This tip supports you in creating a marriage vow that precludes cheating. It's about consciously including a verbal fidelity agreement in your marriage vow. I say "consciously" because a marriage vow that does not contain a verbal fidelity agreement does in fact contain an implied non verbal* agreement; it non verbally implies that cheating will possibly be allowed. We know this to be true based upon the results typical marriage vows produce.

A fidelity agreement is a gift to you from millions and millions of divorced couples who, when they were exchanging marriage vows, never dreamed that cheating would take place in their marriage.

A fidelity agreement acknowledges that implied agreements have an effect. Put another way, if you don't verbally co-create a fidelity agreement you both are implying that cheating might be unconsciously supported/forgiven.

A fidelity agreement is so clear that your wedding guests, both sets of parents and any/all witnesses to the ceremony will not support either of you suing the other for alimony, possessions, or child custody in the event you cheat on your spouse or if you manipulate or cause/intend your spouse to cheat on you. It supports open, honest, and spontaneous communication, and personal responsibility. It precludes either spouse from later blaming the other, saying. "I didn't know." "I had no idea...." "I thought we were happy."

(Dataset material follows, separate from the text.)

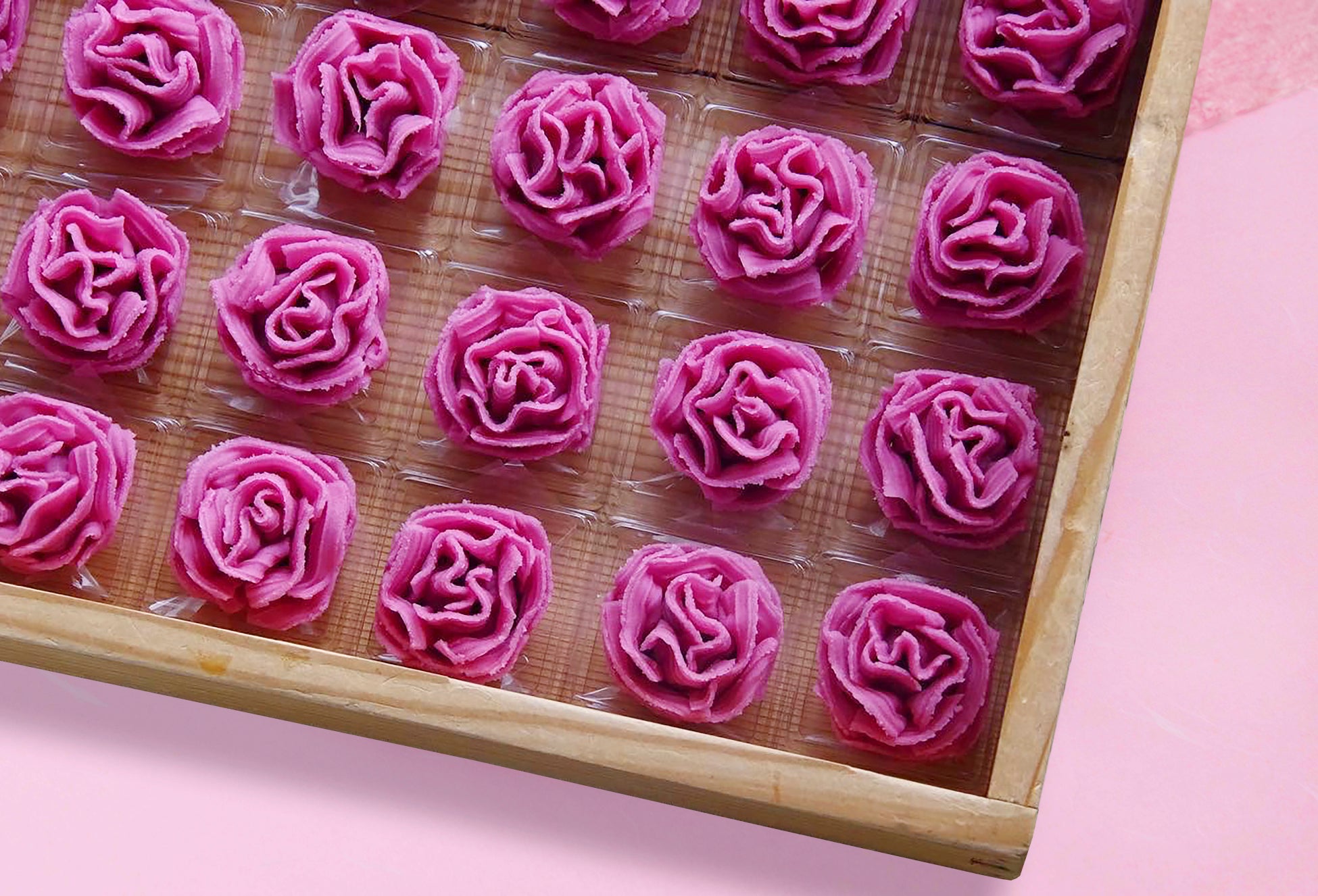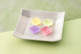 スイートピー、すみれ、金木犀、エルダーフラワーの風味をとじこめたお菓子です。

When a couple are in communication with each other it's virtually impossible for one to withhold even the thought of committing such a perpetration. Cheating takes place when both partners are stuck doing their imitation of communication.

A fidelity agreement further acknowledges that most of us cannot hear our own lies, therefore we often cannot tell when another is lying to us. Few divorced couples were conscious enough to know they were lying when they swore to each other, before God, "...till death do us part." Most honestly believed they were telling the truth, few were aware that that lie determined the outcome. A lie believed does not make it the truth.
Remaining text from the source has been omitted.